Create a competitive advantage and stand out from the competition

Creating a competitive advantage and distinguishing yourself from the competition is what allows you to stand out among many rivals in the eyes of customers.

The presence of more or less dense and fierce competition can make all the difference to the success of your new business.When you find yourself up against several competitors, developing and retaining precisely what is called a unique competitive advantage is critical to attracting new principals and clients.

Figuring out whether you have the resources to take on this adventure and identifying now what makes your business unique are just the first steps you are called upon to take. The main challenge is to be able to offer superior value and/or greater benefits than what your competition is offering.

There are many ways to accomplish this and you are about to discover them; first, however, let’s shed some light on the definition of competitive advantage and Unique Selling Proposition, also known as USP or Unique Selling Point.


Competitive advantage: what it is

The concept of competitive advantage, in economics, refers to a theory that describes how it is possible to beat the competition.

It was defined by Michael Porter, of Harvard University, who published a book in 1985 entitled precisely “Competitive Advantage.” According to Michael Porter, competitive advantage means “being different,” in other words, “deliberately choosing different activities to convey a set of values.”

Michael Porter specifically identified 3 possible alternative strategies (the cost leadership strategy, the differentiation strategy, and the focus strategy) and 2 different types of advantage related to them (the cost competitive advantage and the differentiation competitive advantage).


Porter's competitive advantage

Porter’s competitive advantage


Types of competitive advantage

You can gain a competitive cost advantage by selling your product or service at a lower price than that offered by competing companies. In this way, you can wrest customers away from competitors, but this strategy will not prove particularly helpful if you wish to build loyalty around your brand, because any relaunch by competitors would risk putting you in a weak position.
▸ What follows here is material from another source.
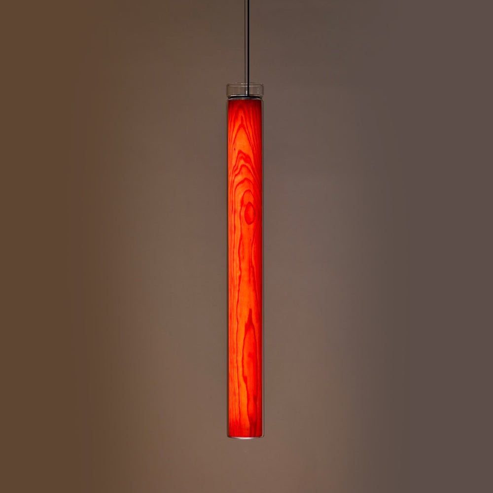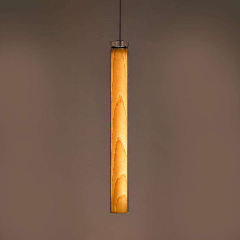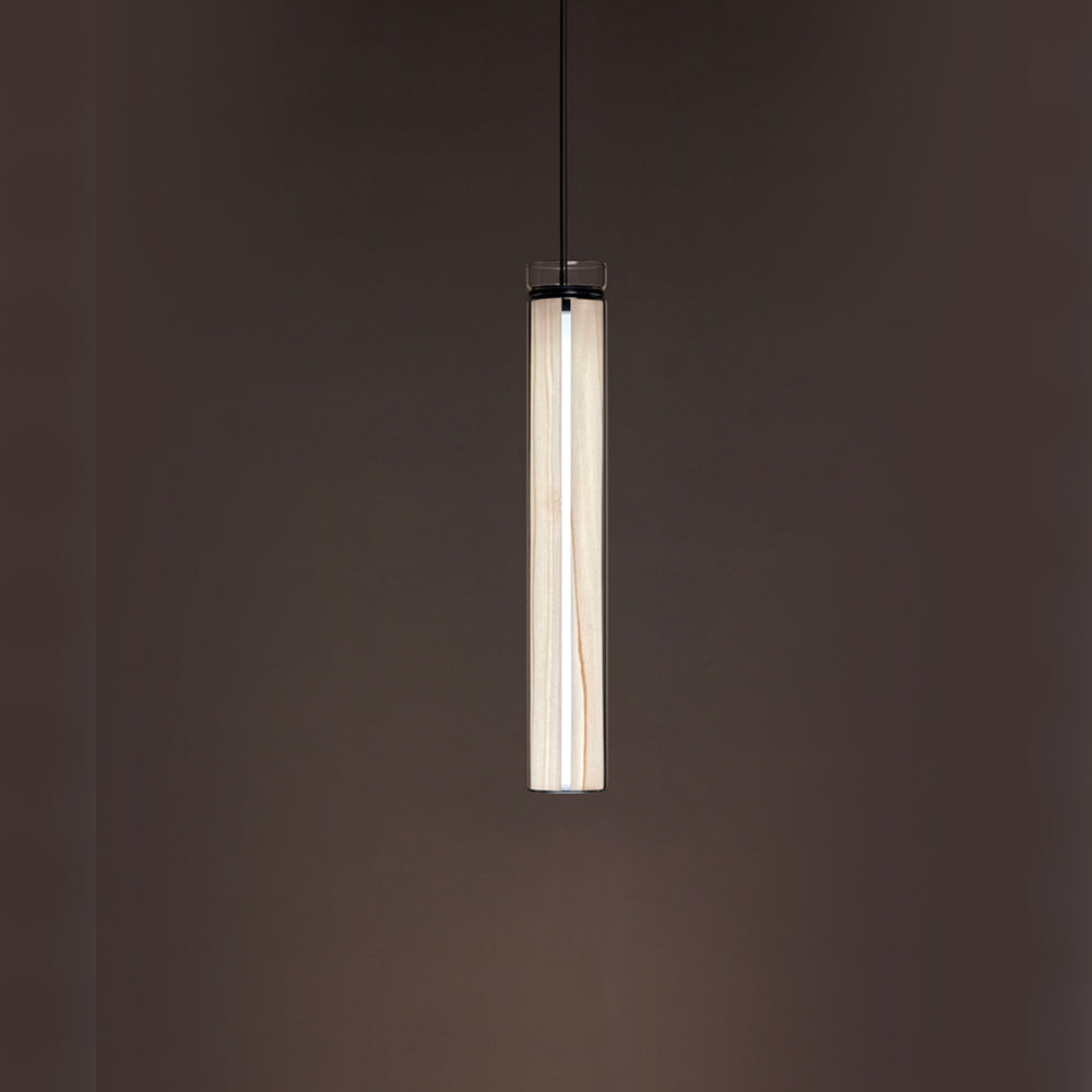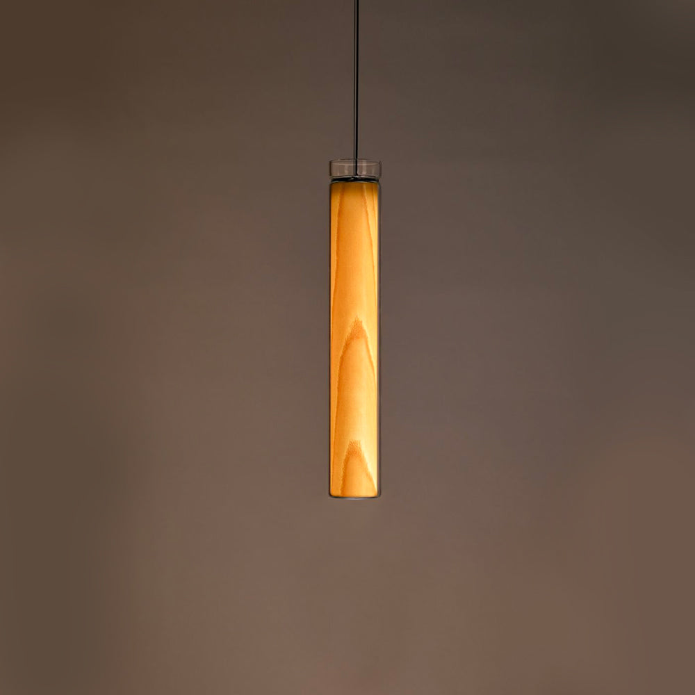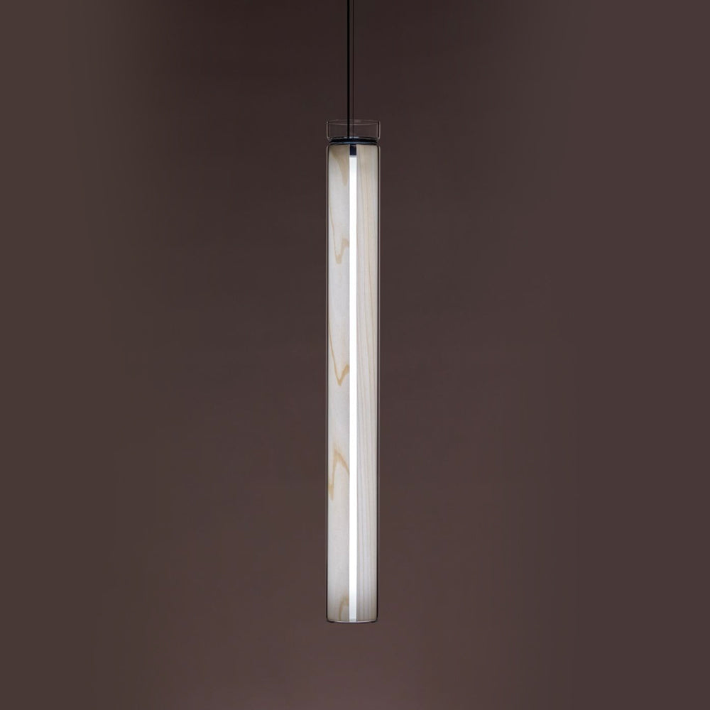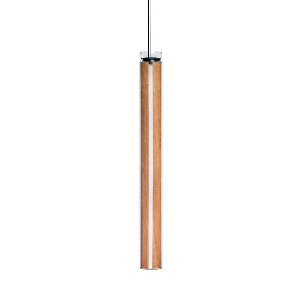 The Estela Suspension Light - Vertical is a captivating capsule of light, composed of a clean, clear, single piece of borosilicate glass (hand-blown by the accomplished artisan Eduard Garuti) enveloping a cylinder-like wood veneer diffuser. The wood veneer houses a dimmable LED light source and a straight opening on one side emits sideward light that is softened by the glass. Estela can also be used together with the Dune suspension light to create alternating design solutions.

If you are interested in gaining a competitive cost advantage remember, in this regard, that the “race to the bottom” with competitors risks bringing you to a point where the price offered in the market is no longer affordable and sustainable for you. Not only that, low prices risk being perceived by customers as synonymous with poor quality. In any case, if you decide to go for this strategy, take care to keep your operating costs as low as possible, because only in this way can you find a satisfactory balance between costs and revenues.

There are several ways to secure a competitive differentiating advantage: you can offer a product or service that is not in the market or, for example, you can focus on that added value that really makes your offering unique, such as an excellent customer experience. Promoting the aspect that most and best sets you apart from the competition is key to managing customer relationships and making them understand why they should choose your product or service specifically.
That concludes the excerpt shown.